It’s pretty safe to say that Three Billboards Outside Ebbing, Missouri, unsurprisingly, doesn’t deal in absolutes. Martin McDonaugh, of In Bruges and Seven Psychopaths fame, has demonstrated a mastery of contrast beyond his previous work. Like his past tragicomic tales, McDonaugh polarises his audience with the electricity and aggression of these opposites. Serenity follows devastating bursts of violence, redemption surfaces in the presence of extreme perdition and naturally, as the plot and its pivots reveal, an acceptance of death begins the restoration of a fulfilling life.
Set in the fictional Ebbing, Missouri, a name indicative of small town America’s sauntering pace, Frances McDormand’s Mildred Hayes, a woman weathered by tragedy, assumes the role of the bristling vigilante. Clad in worn overalls and a bandana, Hayes resembles feminist icon Rosie the Riveter which is apt considering her reasoning. Hayes’ daughter was raped and murdered and the investigation into it has slowed to a near halt. In response, Hayes decides to rent three dilapidated billboards on a remote road outside of town, criticising the local police force, specifically police chief Willoughby (Woody Harrelson) for their lack of progress with her daughter’s case.
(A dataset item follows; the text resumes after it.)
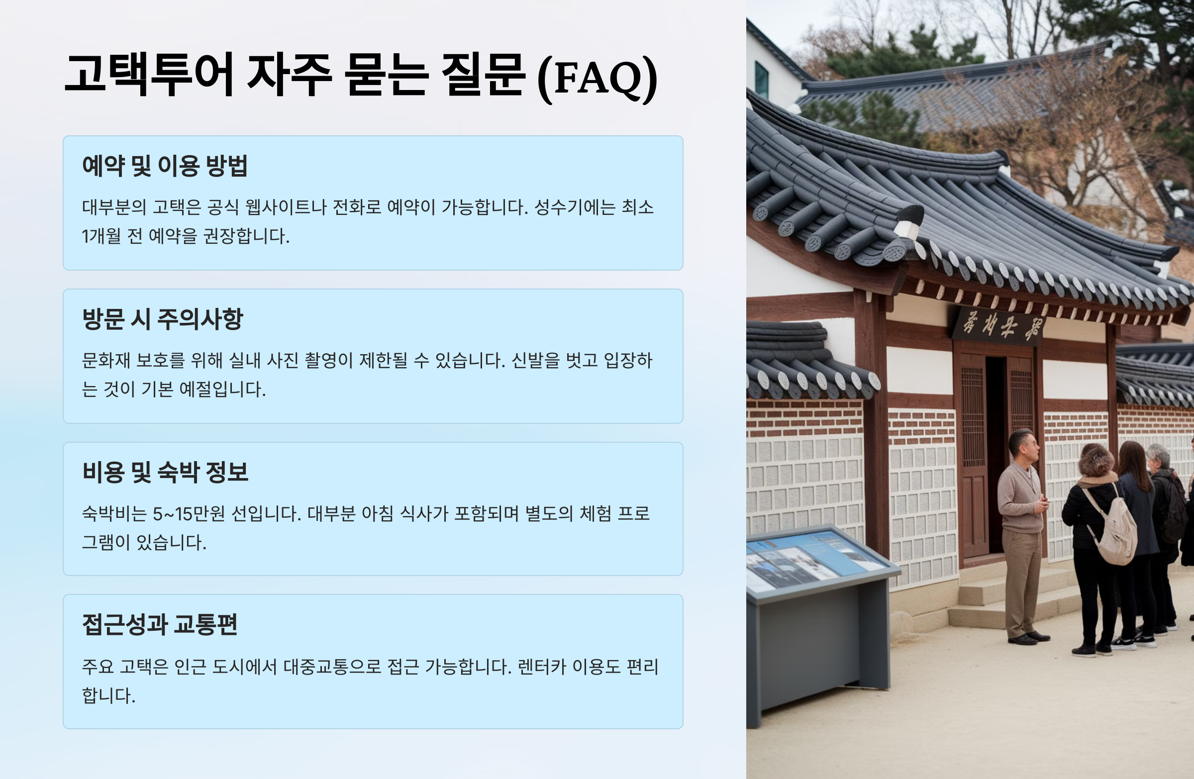 ❓ 고택투어 자주 묻는 질문 (FAQ)

The three billboards are portraits of rage and tragedy meant to shock and infuriate – which they do. Willoughby calmly refuses to be drawn into a war with Hayes but the same cannot be said of his racially backwards and inept deputy Dixon (Sam Rockwell). The angry red of these three billboards do not solve the case but they do fuel further problems within Ebbing, including the film’s most powerful visual scene. Dixon, who is accused of torturing a black person in a police cell, throws someone out of a window in a physical discharge of rage. “I got issues with white folks too,” he quips after the assault.
“Three Billboards concerns itself primarily with the lack of justice over the rape and murder of a young woman – a crime that aligns itself with the growing litany of sexual misconduct plaguing Hollywood.”
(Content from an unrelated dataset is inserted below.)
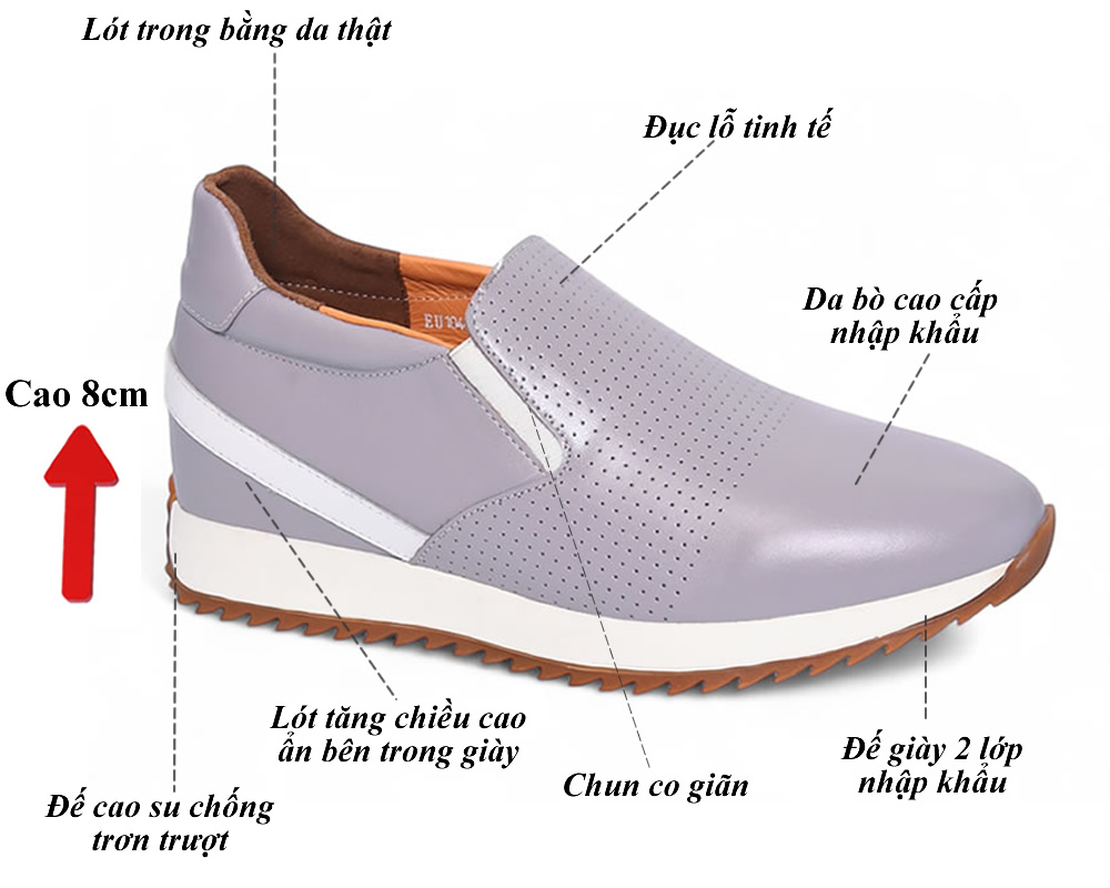 Giày cao 8cm thể thao không dây

But beneath even the most seemingly evil characters, and the ones yearning for justice, there is a deeper complexity. Hayes, who, if the narrative arc continues on predictably, will become the hero of her own tragedy, renews the pain of her son, Robbie (Lucas Hedges), as well as creating new troubles at his school where he is bullied by students angry at the billboards. Meanwhile Willoughby, who is deemed useless by the subjectivity of Hayes, manages to see the best in everyone – even the incompetent Dixon. Some of McDonaugh’s characters may come across as cartoonish in their extremes but their individual routes to redemption show that a very real humanity thrives within.
McDonaugh’s script veers from comedy to pain throughout, gnawing iconoclastically at Ebbing’s, and America’s, societal monoliths whilst simultaneously upholding them. It’s here that the critical backlash forms. One character’s redemption makes little of the undercurrent theme of race that’s established early on but one can argue that the nature of that redemption isn’t a straightforward U-turn. And although as issues with race, especially in America, rightfully continue to be a widely-discussed subject, Three Billboards concerns itself primarily with the lack of justice over the rape and murder of a young woman – a crime that aligns itself with the growing litany of sexual misconduct plaguing Hollywood.
In a performance that rivals her Oscar-winning role in Fargo, McDormand masterfully embodies the wronged woman. She speaks loudly in revolt against an all-male police force and refuses to be silenced by the outraged citizens of Ebbing. Beyond the social importance of her role, McDormand’s Hayes is the crucial pin that holds Three Billboards together. As justice becomes seemingly more elusive and Ebbing descends into chaos (albeit some of that chaos caused by Hayes herself), her resolve remains strong. McDormand’s searing lack of sentimentality and penchant for deadpan makes Hayes a character we can both laugh and cry with. Brilliantly, this offers no reassurance in how we should perceive Three Billboards, and whether it’s morally right to laugh when we laugh. But importantly, Mildred Hayes, both a triumphant yet flawed character herself, offers a sense of order in Ebbing, Missouri, a town bereft of order itself.